About this task >> Leave out the pictures and repeat exactly the lines from the one containing "AALAYA is a" through the final line of the listing below.

Given data >>
· · · · · · ·

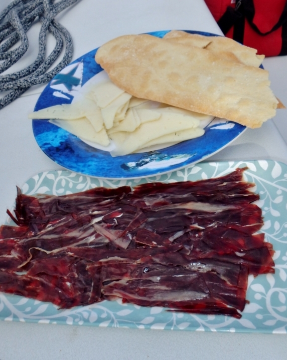 Milk and Cereal for Breakfast. Shirley’s Meat Loaf Sandwiches for Lunch. Iberian Ham and Manchego Cheese for afternoon snack. Choice of Pork Curry or Meat Loaf for dinner. – mw
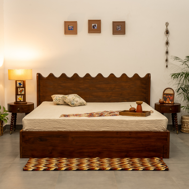 AALAYA is a sanctuary of serenity and form — a teakwood bed defined by its gracefully curved wave-like headboard, evoking a sense of rhythm and calm. Rooted in timeless craftsmanship and minimalist elegance, AALAYA brings warmth, flow, and quiet luxury to the bedroom, making it a true place of rest and retreat.
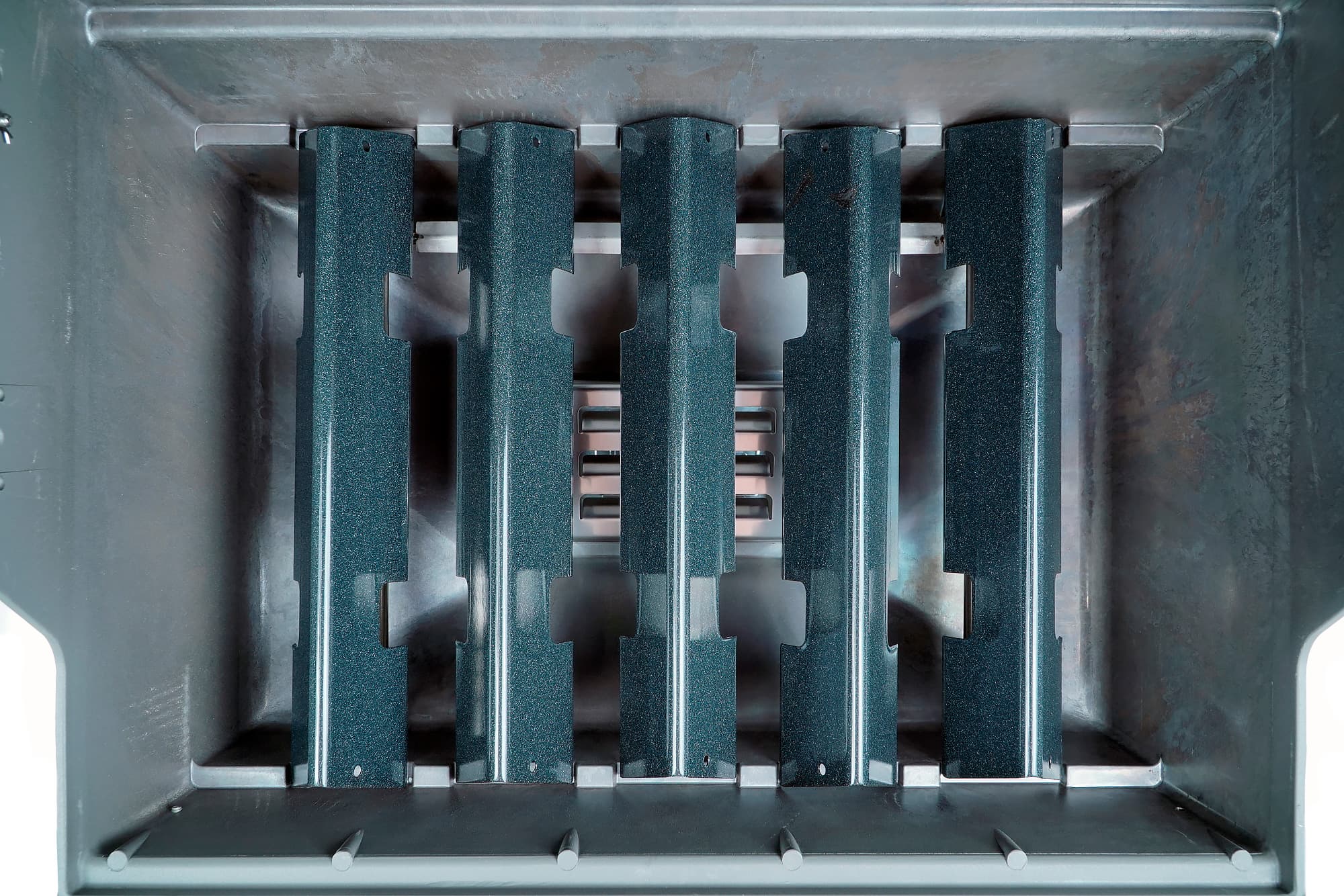 Под решеткой расположены 5 элементов, которые Weber называет Flavorizer Bars — «ароматические пластины». Они сделаны из эмалированной стали и расположены над горелками (три) и между ними (две). Попадая на эти пластины, мясные соки и жир испаряются, создавая «тот самый аромат барбекю».

· · · · · · ·

Completed task >>
 AALAYA is a sanctuary of serenity and form — a teakwood bed defined by its gracefully curved wave-like headboard, evoking a sense of rhythm and calm. Rooted in timeless craftsmanship and minimalist elegance, AALAYA brings warmth, flow, and quiet luxury to the bedroom, making it a true place of rest and retreat.
 Под решеткой расположены 5 элементов, которые Weber называет Flavorizer Bars — «ароматические пластины». Они сделаны из эмалированной стали и расположены над горелками (три) и между ними (две). Попадая на эти пластины, мясные соки и жир испаряются, создавая «тот самый аромат барбекю».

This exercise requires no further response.